Ветвь, идущая от другого его сына – Даниила Святого, привела к рождению прекраснейшей из женщин, первой красавицы российского двора – Наталии Николаевны Гончаровой.
Судьбе же было угодно соединить обе эти ветви в их счастливом и трагическом союзе.
Согласно той судьбе на обширной карте родословной поэта, где переплелись не только разные народы, но даже расы, прочерчена в глубь веков линия к Алании раннего средневековья. К тому воинственному племени, в реку жизни которого влилась кровь скифов, сарматов, алан, прозывавшихся на Руси ясами…
1985 г.
Праздник святого Георгия
Из цикла “Кавказ, мой Кавказ!”
Мелисса, тридцатипятилетняя женщина, изваянная, словно статуя, поднялась, как всегда, рано, чтобы отдать свое прекрасное тело восходящему солнцу. Так рождалась она каждое утро и умирала поздно вечером на своем одиноком ложе.
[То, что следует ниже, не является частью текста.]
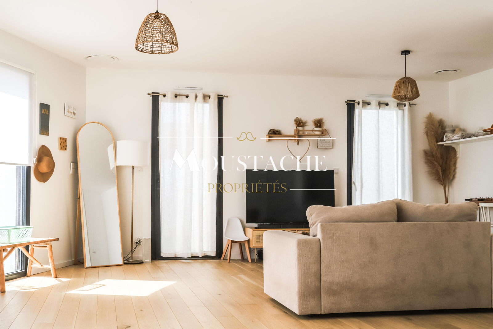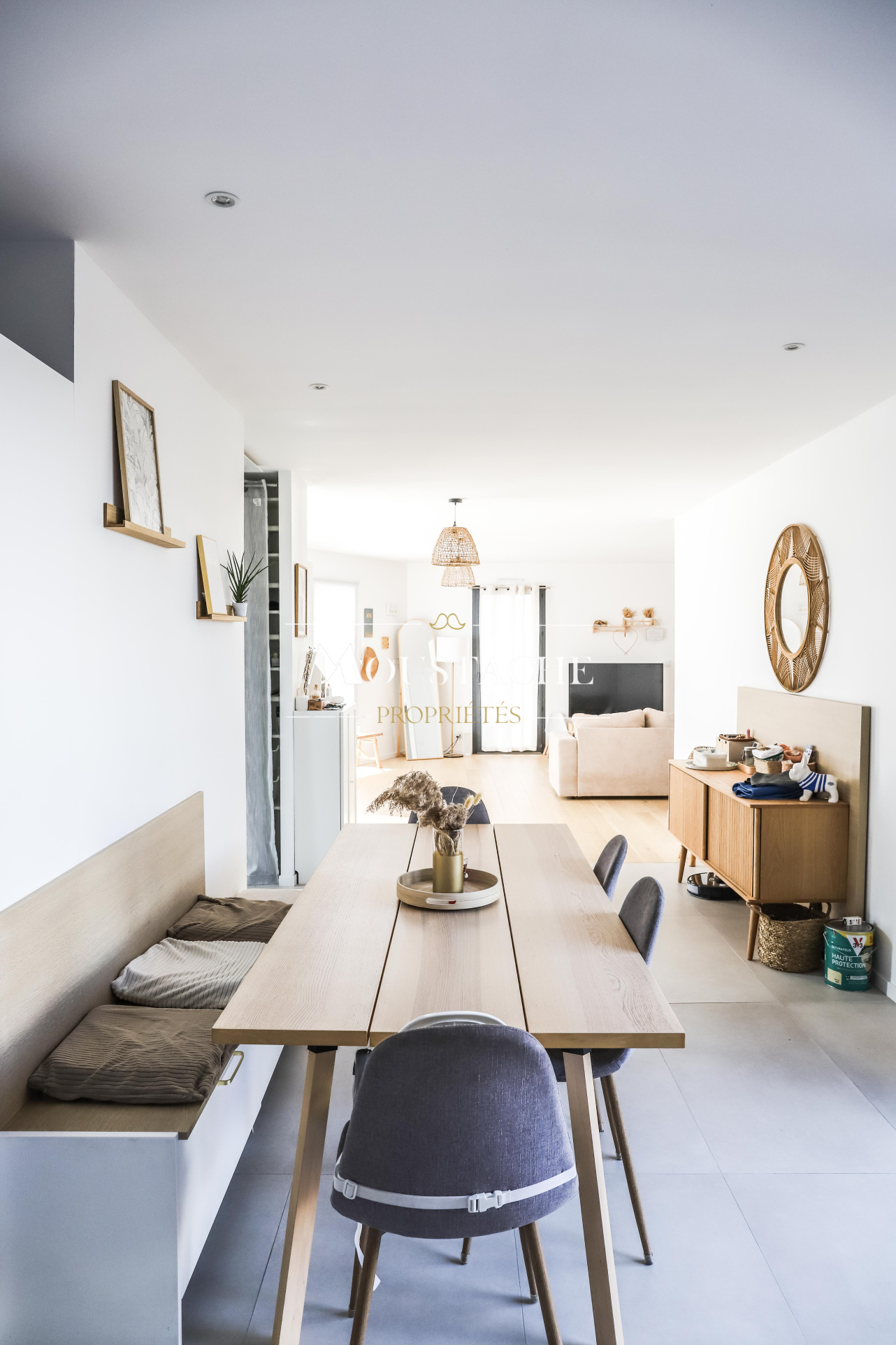 un bel espace de vie de 57m2 baigné de lumière grâce à de grandes ouvertures,

Одиночество иссушало ее уже не одну зиму и осень, но вот весной, в момент возрождения природы, клетки ее тела послали в мозг мудрейший на этой земле сигнал – пропеть гимн жизни. Мелисса захотела утвердить в себе женщину, пусть даже вследствие какой-то чудовищной ошибки одинокую, отметить свое существование праздником. Что-то должно было подсказать ей, каким праздником отмечают величие природы и свое единение с ней.
– Господи, научи меня! – взмолилась она, хотя Бог был для ее земляков ни чем иным, как вместилищем вопросов самого разного толка.
В таких случаях ответы могли черпаться отовсюду и даже из собственной головы.
– Я так и не поняла, в чем загадка моей жизни, и я не согласна с этим!
Но Мелиссе не пришлось мучиться в догадках, ответ незамедлительно прозвучал откуда-то из-за сарая:
– Ты слишком горда, Мелисса!
Тогда она осмелилась задать еще вопрос:
– Чем я могу восславить эту жизнь, чтобы заслужить прощение?
На него тоже последовал ответ:
– Постарайся хоть однажды угодить мужчине, смири свою гордыню…
Древнейший праздник Кавказа – праздник Святого Георгия.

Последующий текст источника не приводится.